Most backup power supplies have a serial or USB connector for communicating with the computer. The software CD that is supplied with the UPS will have a program for monitoring the power and can shut down the computer after a set period of time or if the battery capacity reaches a certain point. If you post the make and model number of your UPS, I may know the characteristics of your unit because I have dozens of them around here and I picked up a case of batteries yesterday to repair some of my 1kw+ UPS systems. ^_^

TDD

Reply to
The Daring Dufas

If your UPS is APC, you can use their Powerchute program to set the time for shutting down. I use 5 minutes on mine. I also have a Belkin UPS which has its own shutdown software.

Reply to
Arnie Goetchius

Most quality UPS will come with a software application you can load on your computer that will shutdown the computer after it has been ON-BATTERY for a configurable amount of time (c.f. Powerchute).

UPS batteries should last 3 years in a consumer-grade UPS, and 5 years in a commercial grade UPS.

Reply to
Scott Lurndal

The Daring Dufas wrote in news:l34408$3t8$ snipped-for-privacy@dont-email.me:

Ancient Emerson UPS 600. No software I am aware of. No manual and I can't find one on line with Google. There is a Liebert but I'm pretty this is a different (and very large commercial) UPS.

Reply to
KenK

Frank wrote in news:l343nq$246$ snipped-for-privacy@dont-email.me:

Ancient Emerson UPS 600. No software I am aware of. No manual and I can't find one on line with Google. There is a Liebert (evidently they bought Emerson?) but I'm pretty this is a different (and very large commercial) UPS.

I left it on for years while I am regularly away for a couple of hours in the morning. No lengthy power outages. Now I turn off the system while I'm away just in case but it is a PITA to reboot the system and restart all the software most every morning on my slow ancient system.

Reply to
KenK

What's your definition of failed? Open? Won't charge? low capacity? How long since your last test run?

I've only had half a dozen UPS's over the years, but ALL of them had low-battery shutoff that prevents battery failure from over-discharge. Failure from long-term overcharge is another issue.

Get one with a port and software that can shut off the computer.

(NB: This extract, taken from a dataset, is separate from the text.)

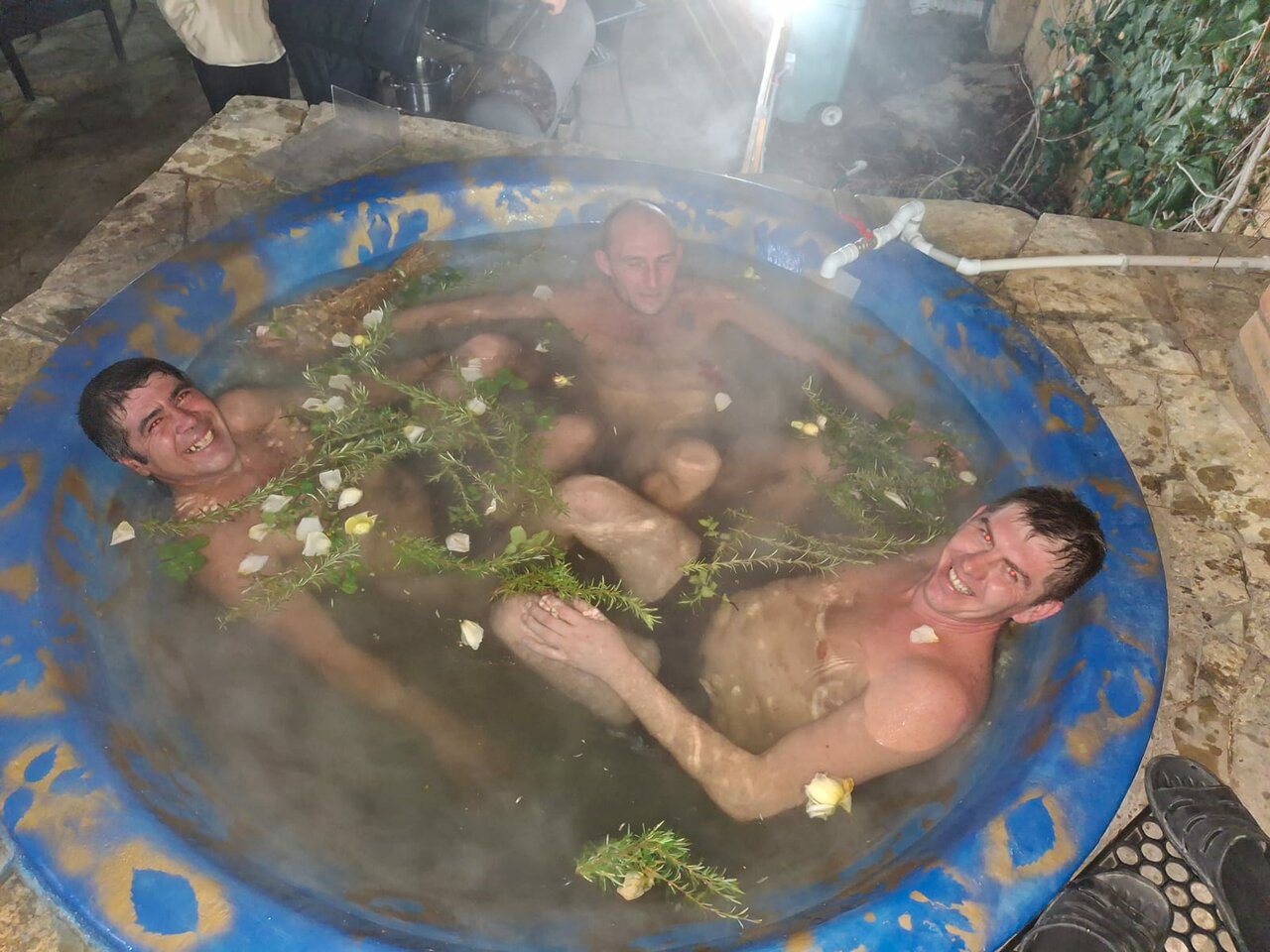 Купание в этой горячей купели, настоянной на травах. под открытым небом очень полезно для здоровья, способствует омоложению и позволит вам 'переродиться заново'

My UPS battery has been "dead" for years. Runs the system for almost a minute. Around here, we have two types of outages:

1)glitches lasting a second or less that auto-reset themselves. My UPS works great on those. 2)Those that don't auto-reset and will take hours for manual fix. With a good battery, mine still wouldn't last long enough for those. If I press the sleep button before going out, it lasts much longer.

Don't remember anything a chkdsk or fsck wouldn't fix...but there's still a recent backup justincase.

I
Reply to
mike

I recall seeing the programs but never installed them on the three computers I have connected to them.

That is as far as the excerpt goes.